• _Instructions to follow_: Go through the listing below and write out exactly the lines from the one that mentions "Senyati Safari Camp, a" through the one that mentions "Supermercado Yroyak está", minus the pictures.

• _Exercise data_:
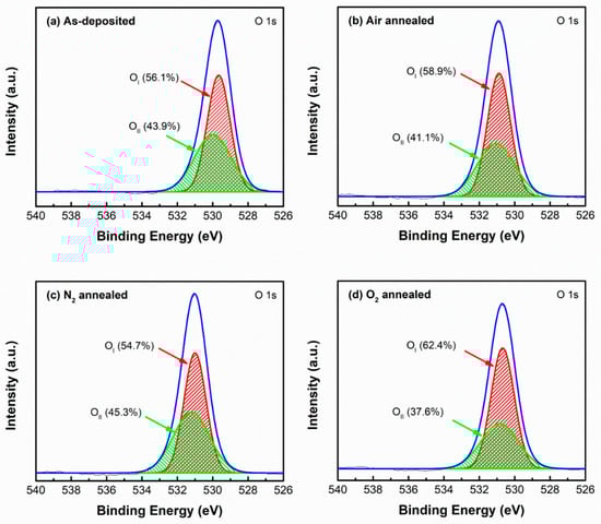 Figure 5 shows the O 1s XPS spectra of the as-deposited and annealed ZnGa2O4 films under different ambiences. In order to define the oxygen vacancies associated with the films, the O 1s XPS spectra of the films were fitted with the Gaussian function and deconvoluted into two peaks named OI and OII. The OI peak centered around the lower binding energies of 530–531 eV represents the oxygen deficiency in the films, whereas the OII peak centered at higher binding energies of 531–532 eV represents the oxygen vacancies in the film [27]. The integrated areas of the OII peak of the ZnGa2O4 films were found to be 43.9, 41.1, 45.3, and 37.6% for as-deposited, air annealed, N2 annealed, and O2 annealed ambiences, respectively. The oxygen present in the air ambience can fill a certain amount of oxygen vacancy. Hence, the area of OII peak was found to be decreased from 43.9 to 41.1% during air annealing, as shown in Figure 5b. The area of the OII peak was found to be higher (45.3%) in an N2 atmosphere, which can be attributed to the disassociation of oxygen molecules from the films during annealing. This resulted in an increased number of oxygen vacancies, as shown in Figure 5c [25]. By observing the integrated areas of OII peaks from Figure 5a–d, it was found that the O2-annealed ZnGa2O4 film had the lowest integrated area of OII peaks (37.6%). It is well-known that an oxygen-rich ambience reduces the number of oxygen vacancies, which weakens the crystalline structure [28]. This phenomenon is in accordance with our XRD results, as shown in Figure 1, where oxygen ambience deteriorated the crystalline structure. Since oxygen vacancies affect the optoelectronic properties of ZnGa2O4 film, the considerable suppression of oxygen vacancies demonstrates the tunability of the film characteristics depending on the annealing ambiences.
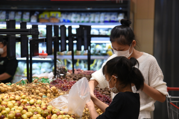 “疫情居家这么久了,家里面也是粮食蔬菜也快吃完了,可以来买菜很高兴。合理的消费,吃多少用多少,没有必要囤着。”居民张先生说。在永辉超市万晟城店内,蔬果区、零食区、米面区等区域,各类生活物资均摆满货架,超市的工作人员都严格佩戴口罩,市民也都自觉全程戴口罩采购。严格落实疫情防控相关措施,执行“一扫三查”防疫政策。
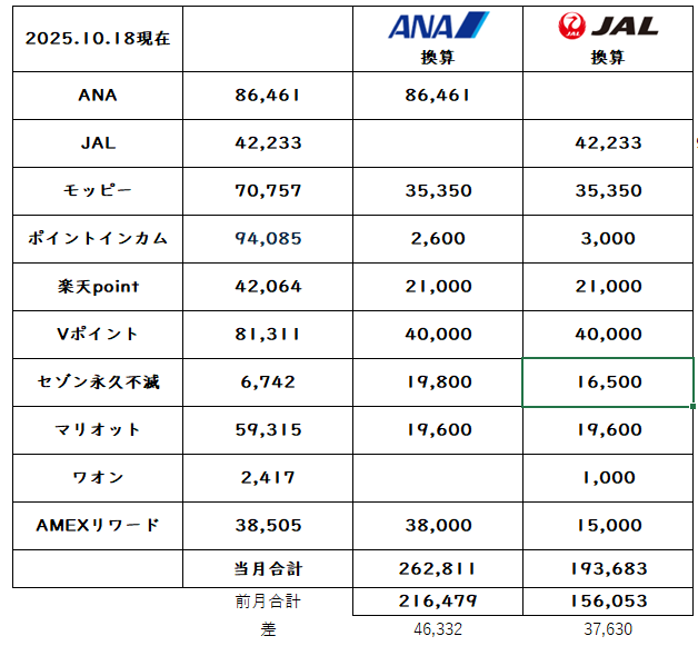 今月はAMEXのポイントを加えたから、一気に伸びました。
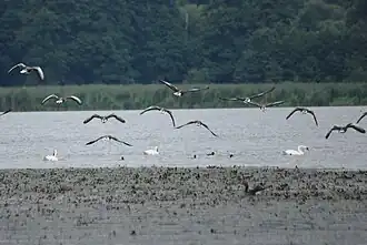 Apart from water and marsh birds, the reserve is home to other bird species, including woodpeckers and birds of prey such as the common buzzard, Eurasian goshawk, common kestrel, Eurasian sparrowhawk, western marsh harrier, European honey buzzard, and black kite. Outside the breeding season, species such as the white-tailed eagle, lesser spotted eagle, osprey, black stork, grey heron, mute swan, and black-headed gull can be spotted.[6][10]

---

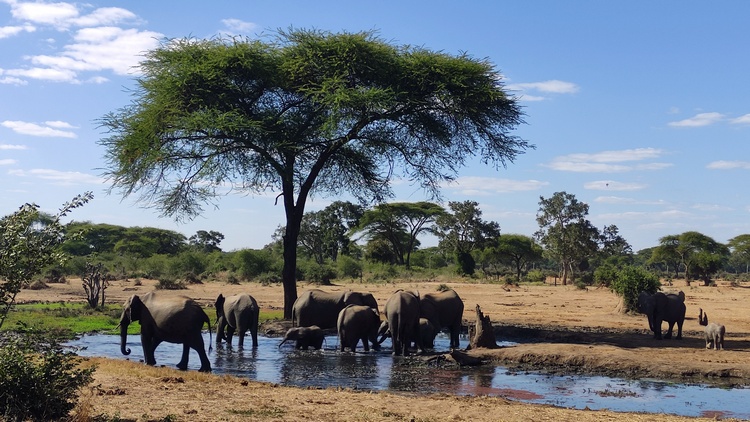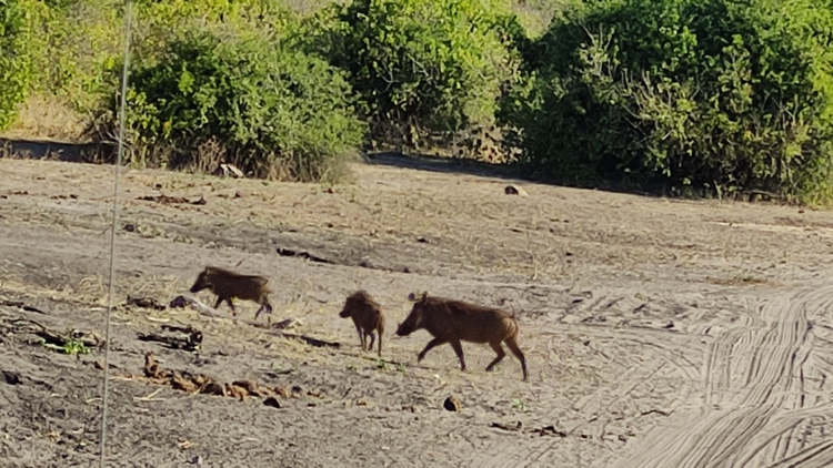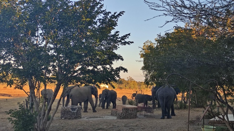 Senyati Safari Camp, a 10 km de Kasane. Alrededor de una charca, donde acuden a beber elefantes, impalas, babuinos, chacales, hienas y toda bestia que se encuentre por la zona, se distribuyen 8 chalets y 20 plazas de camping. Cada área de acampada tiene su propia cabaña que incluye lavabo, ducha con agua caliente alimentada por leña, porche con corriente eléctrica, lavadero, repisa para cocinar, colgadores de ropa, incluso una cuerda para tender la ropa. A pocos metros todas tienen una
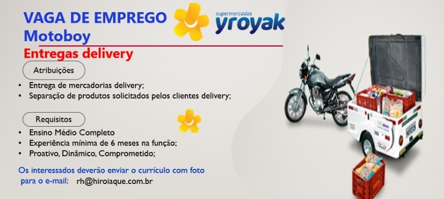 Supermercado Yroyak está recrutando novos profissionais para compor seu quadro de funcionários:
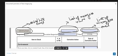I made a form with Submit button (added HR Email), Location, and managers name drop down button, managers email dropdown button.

--

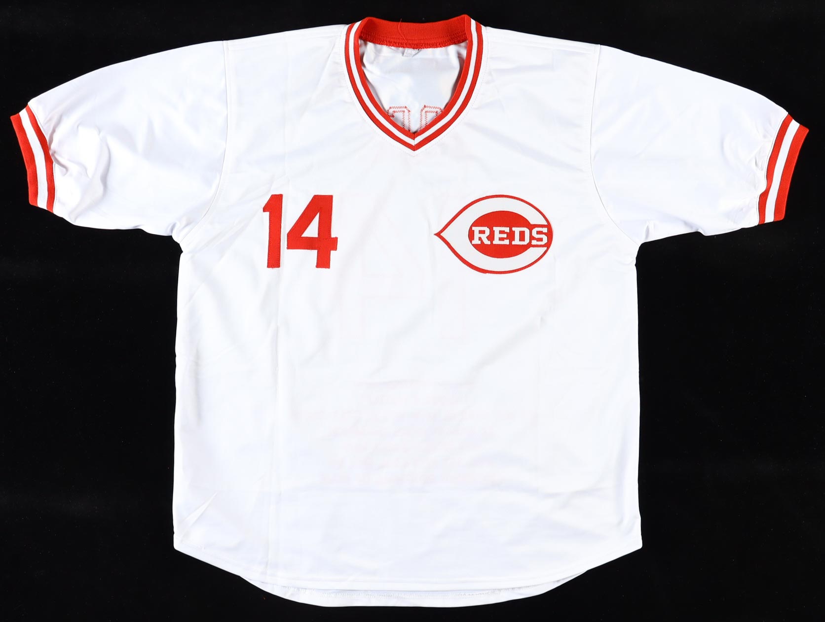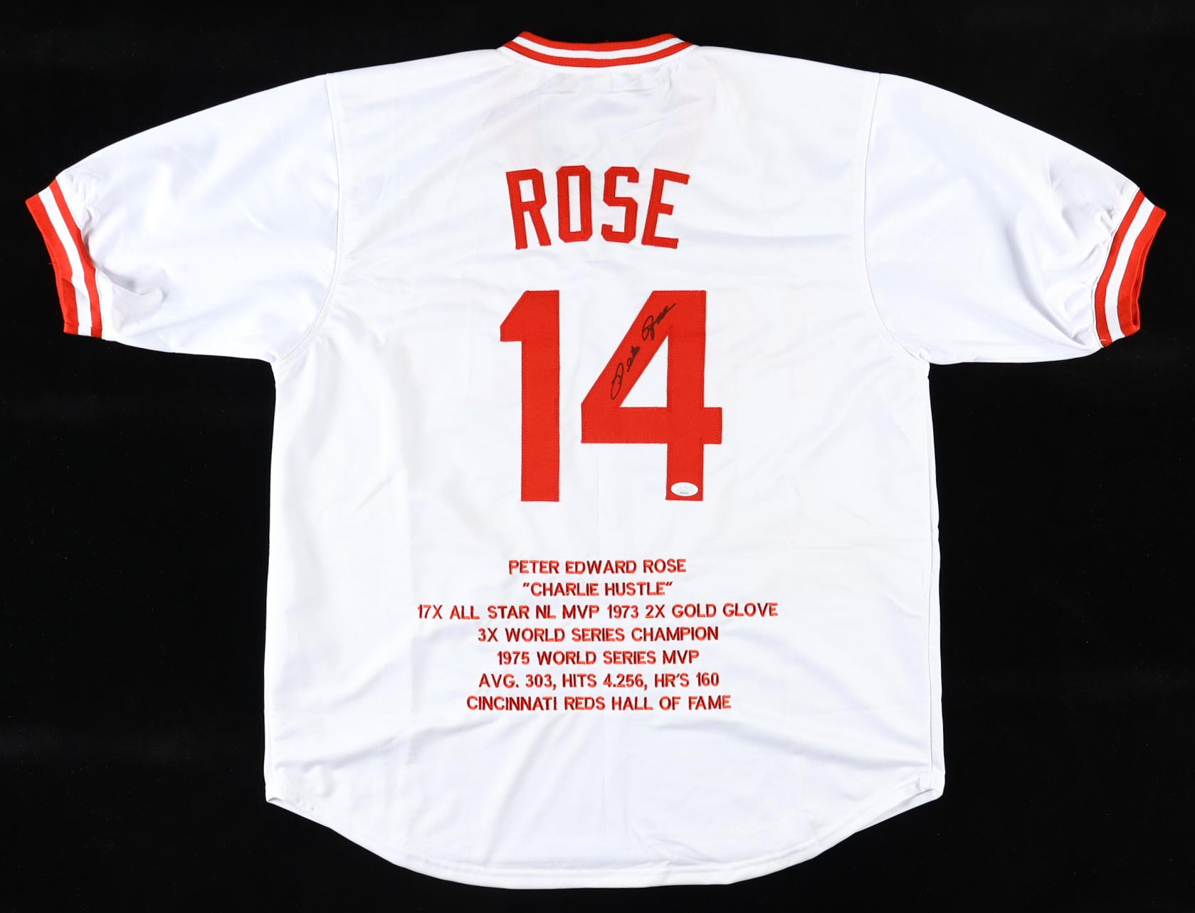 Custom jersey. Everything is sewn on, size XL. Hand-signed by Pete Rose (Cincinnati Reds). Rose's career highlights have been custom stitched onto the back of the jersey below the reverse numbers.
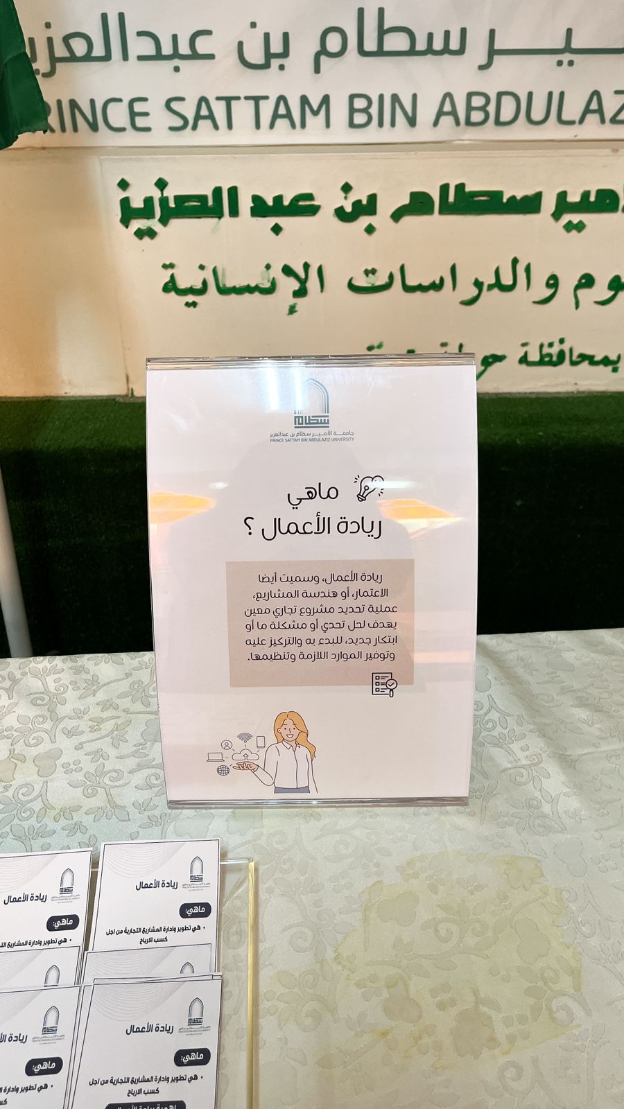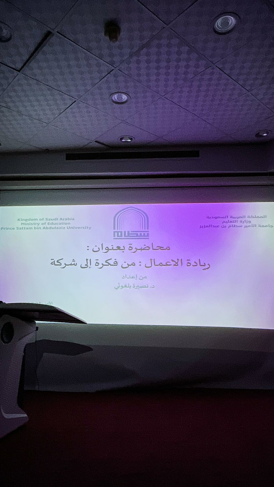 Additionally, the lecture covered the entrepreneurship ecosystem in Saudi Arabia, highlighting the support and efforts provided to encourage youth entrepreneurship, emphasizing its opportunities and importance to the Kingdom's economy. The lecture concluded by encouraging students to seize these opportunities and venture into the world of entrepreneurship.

• _Reply to the exercise_:
 Senyati Safari Camp, a 10 km de Kasane. Alrededor de una charca, donde acuden a beber elefantes, impalas, babuinos, chacales, hienas y toda bestia que se encuentre por la zona, se distribuyen 8 chalets y 20 plazas de camping. Cada área de acampada tiene su propia cabaña que incluye lavabo, ducha con agua caliente alimentada por leña, porche con corriente eléctrica, lavadero, repisa para cocinar, colgadores de ropa, incluso una cuerda para tender la ropa. A pocos metros todas tienen una
 Supermercado Yroyak está recrutando novos profissionais para compor seu quadro de funcionários:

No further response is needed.